WHAT THE TASK REQUIRES: Please reproduce the data exactly, though every picture must stay out.

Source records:
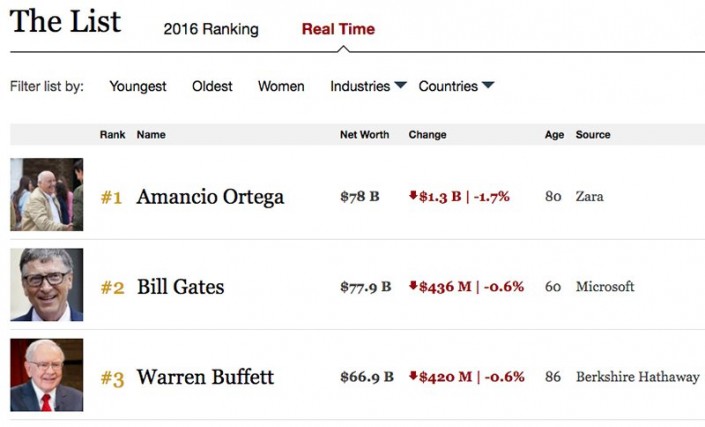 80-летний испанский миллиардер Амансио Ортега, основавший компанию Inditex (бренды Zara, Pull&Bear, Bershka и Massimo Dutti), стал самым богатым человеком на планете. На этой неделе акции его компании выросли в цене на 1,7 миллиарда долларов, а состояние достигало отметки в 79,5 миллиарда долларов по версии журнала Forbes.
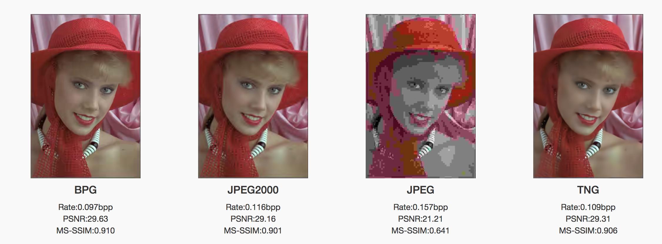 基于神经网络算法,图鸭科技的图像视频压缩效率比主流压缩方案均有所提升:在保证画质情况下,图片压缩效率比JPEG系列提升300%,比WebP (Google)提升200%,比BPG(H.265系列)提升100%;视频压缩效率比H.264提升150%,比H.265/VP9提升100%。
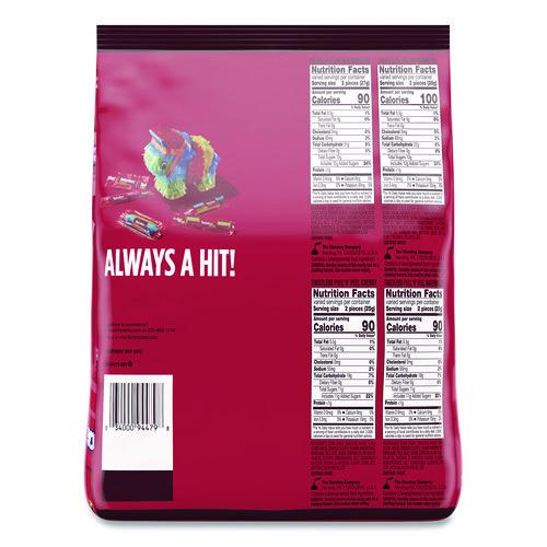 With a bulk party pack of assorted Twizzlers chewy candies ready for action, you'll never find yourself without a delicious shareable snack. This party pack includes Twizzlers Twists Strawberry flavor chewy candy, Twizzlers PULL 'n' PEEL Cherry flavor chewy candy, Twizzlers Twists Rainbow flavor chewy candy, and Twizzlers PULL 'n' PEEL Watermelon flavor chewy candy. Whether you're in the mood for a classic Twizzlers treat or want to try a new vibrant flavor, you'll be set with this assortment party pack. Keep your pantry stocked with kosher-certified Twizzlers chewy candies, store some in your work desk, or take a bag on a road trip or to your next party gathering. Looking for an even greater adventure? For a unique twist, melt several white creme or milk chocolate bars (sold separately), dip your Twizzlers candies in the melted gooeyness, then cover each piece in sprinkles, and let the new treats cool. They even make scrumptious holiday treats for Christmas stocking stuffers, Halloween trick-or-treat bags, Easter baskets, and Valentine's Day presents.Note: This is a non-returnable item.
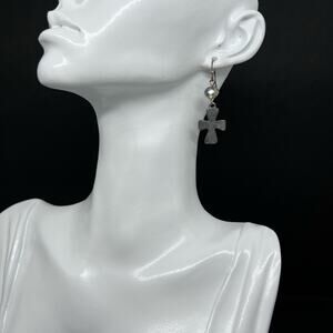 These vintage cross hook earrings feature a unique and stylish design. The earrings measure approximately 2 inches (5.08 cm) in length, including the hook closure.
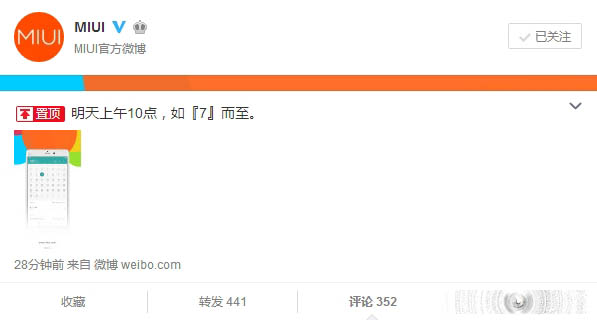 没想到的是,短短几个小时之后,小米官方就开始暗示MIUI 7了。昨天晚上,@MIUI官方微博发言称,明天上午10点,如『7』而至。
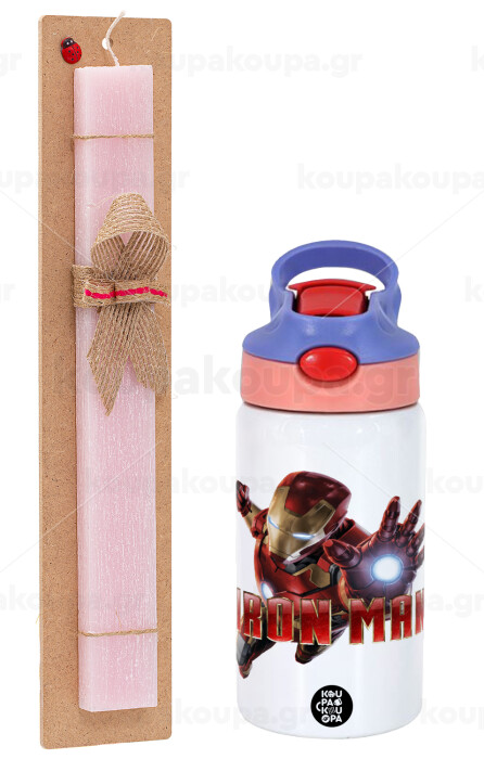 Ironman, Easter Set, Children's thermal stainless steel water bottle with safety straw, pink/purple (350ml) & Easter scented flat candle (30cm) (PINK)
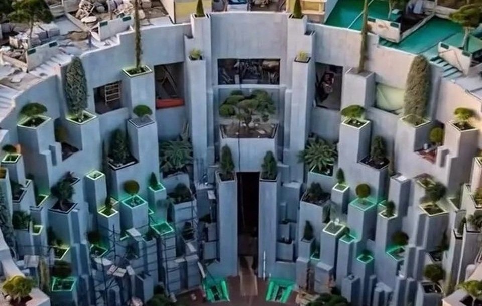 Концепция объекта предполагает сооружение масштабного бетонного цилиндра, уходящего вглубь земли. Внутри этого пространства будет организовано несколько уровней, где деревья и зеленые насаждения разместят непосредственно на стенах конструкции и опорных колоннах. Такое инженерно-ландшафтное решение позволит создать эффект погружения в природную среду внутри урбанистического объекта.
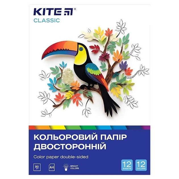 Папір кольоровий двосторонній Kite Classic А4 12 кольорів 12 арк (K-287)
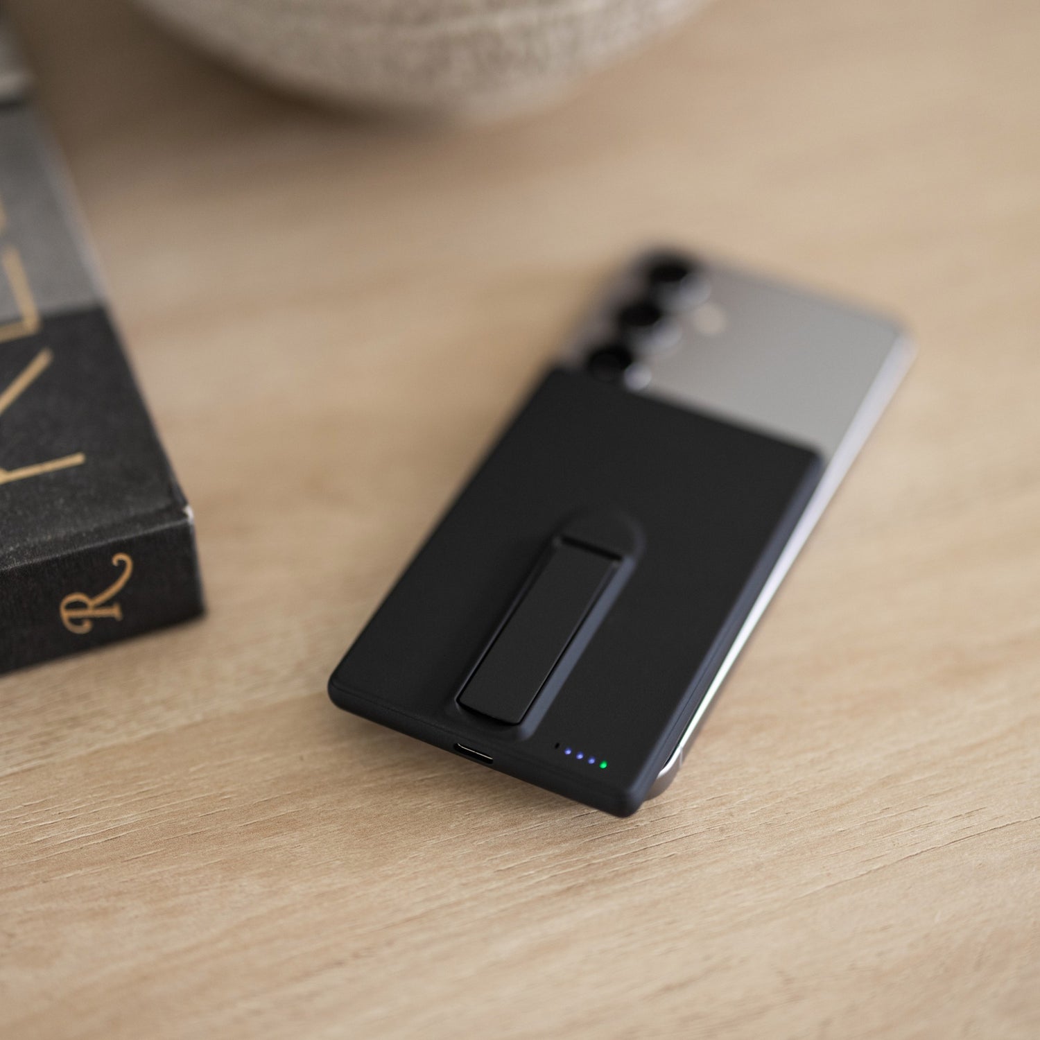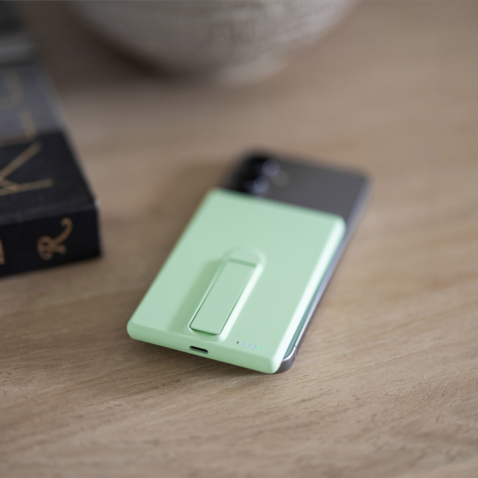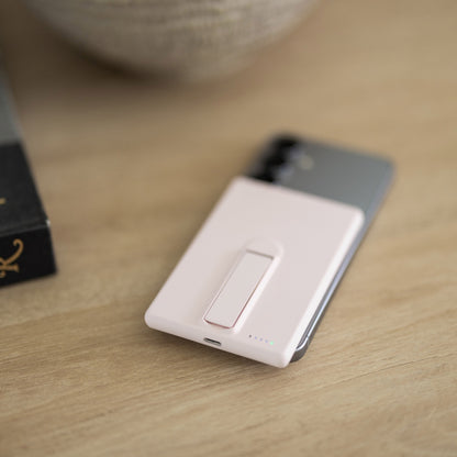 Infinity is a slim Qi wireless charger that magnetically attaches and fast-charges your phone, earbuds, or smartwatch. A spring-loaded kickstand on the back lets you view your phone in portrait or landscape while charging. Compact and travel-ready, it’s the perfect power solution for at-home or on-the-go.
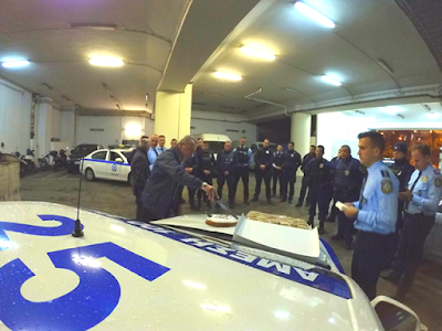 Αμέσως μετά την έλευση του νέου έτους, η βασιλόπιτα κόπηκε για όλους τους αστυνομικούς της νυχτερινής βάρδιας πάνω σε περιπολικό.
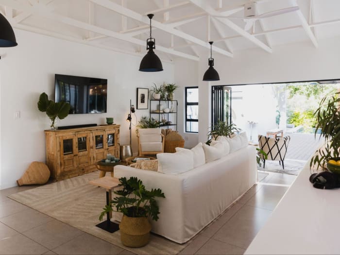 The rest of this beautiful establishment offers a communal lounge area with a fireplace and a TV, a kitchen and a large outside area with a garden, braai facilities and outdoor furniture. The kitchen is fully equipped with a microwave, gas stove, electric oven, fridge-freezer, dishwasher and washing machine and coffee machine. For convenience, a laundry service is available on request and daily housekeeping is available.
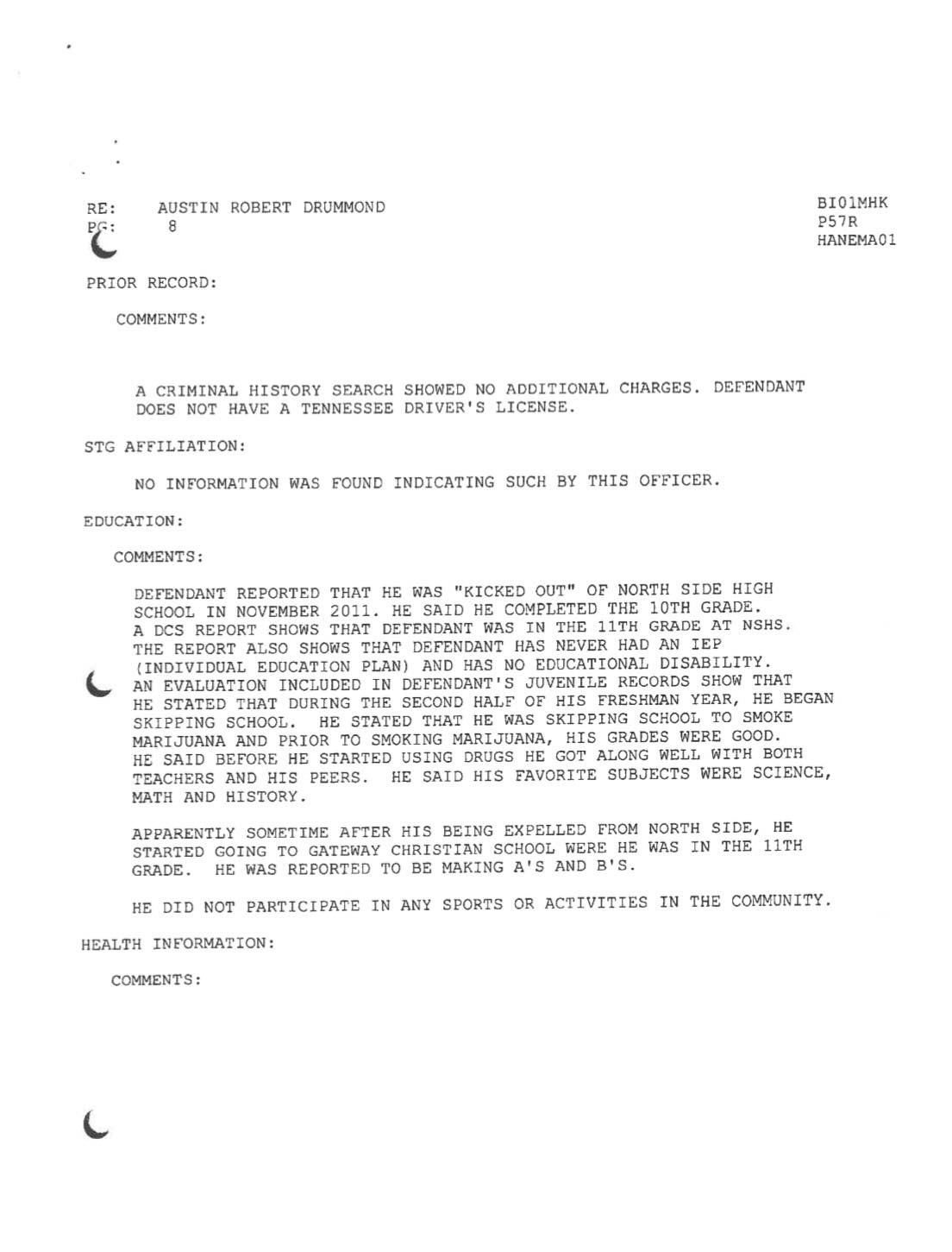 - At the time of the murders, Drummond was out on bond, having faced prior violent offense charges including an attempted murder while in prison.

ANSWER BELOW:
 80-летний испанский миллиардер Амансио Ортега, основавший компанию Inditex (бренды Zara, Pull&Bear, Bershka и Massimo Dutti), стал самым богатым человеком на планете. На этой неделе акции его компании выросли в цене на 1,7 миллиарда долларов, а состояние достигало отметки в 79,5 миллиарда долларов по версии журнала Forbes.
 基于神经网络算法,图鸭科技的图像视频压缩效率比主流压缩方案均有所提升:在保证画质情况下,图片压缩效率比JPEG系列提升300%,比WebP (Google)提升200%,比BPG(H.265系列)提升100%;视频压缩效率比H.264提升150%,比H.265/VP9提升100%。
 With a bulk party pack of assorted Twizzlers chewy candies ready for action, you'll never find yourself without a delicious shareable snack. This party pack includes Twizzlers Twists Strawberry flavor chewy candy, Twizzlers PULL 'n' PEEL Cherry flavor chewy candy, Twizzlers Twists Rainbow flavor chewy candy, and Twizzlers PULL 'n' PEEL Watermelon flavor chewy candy. Whether you're in the mood for a classic Twizzlers treat or want to try a new vibrant flavor, you'll be set with this assortment party pack. Keep your pantry stocked with kosher-certified Twizzlers chewy candies, store some in your work desk, or take a bag on a road trip or to your next party gathering. Looking for an even greater adventure? For a unique twist, melt several white creme or milk chocolate bars (sold separately), dip your Twizzlers candies in the melted gooeyness, then cover each piece in sprinkles, and let the new treats cool. They even make scrumptious holiday treats for Christmas stocking stuffers, Halloween trick-or-treat bags, Easter baskets, and Valentine's Day presents.Note: This is a non-returnable item.
 These vintage cross hook earrings feature a unique and stylish design. The earrings measure approximately 2 inches (5.08 cm) in length, including the hook closure.
 没想到的是,短短几个小时之后,小米官方就开始暗示MIUI 7了。昨天晚上,@MIUI官方微博发言称,明天上午10点,如『7』而至。
 Ironman, Easter Set, Children's thermal stainless steel water bottle with safety straw, pink/purple (350ml) & Easter scented flat candle (30cm) (PINK)
 Концепция объекта предполагает сооружение масштабного бетонного цилиндра, уходящего вглубь земли. Внутри этого пространства будет организовано несколько уровней, где деревья и зеленые насаждения разместят непосредственно на стенах конструкции и опорных колоннах. Такое инженерно-ландшафтное решение позволит создать эффект погружения в природную среду внутри урбанистического объекта.
 Папір кольоровий двосторонній Kite Classic А4 12 кольорів 12 арк (K-287)
 Infinity is a slim Qi wireless charger that magnetically attaches and fast-charges your phone, earbuds, or smartwatch. A spring-loaded kickstand on the back lets you view your phone in portrait or landscape while charging. Compact and travel-ready, it’s the perfect power solution for at-home or on-the-go.
 Αμέσως μετά την έλευση του νέου έτους, η βασιλόπιτα κόπηκε για όλους τους αστυνομικούς της νυχτερινής βάρδιας πάνω σε περιπολικό.
 The rest of this beautiful establishment offers a communal lounge area with a fireplace and a TV, a kitchen and a large outside area with a garden, braai facilities and outdoor furniture. The kitchen is fully equipped with a microwave, gas stove, electric oven, fridge-freezer, dishwasher and washing machine and coffee machine. For convenience, a laundry service is available on request and daily housekeeping is available.
 - At the time of the murders, Drummond was out on bond, having faced prior violent offense charges including an attempted murder while in prison.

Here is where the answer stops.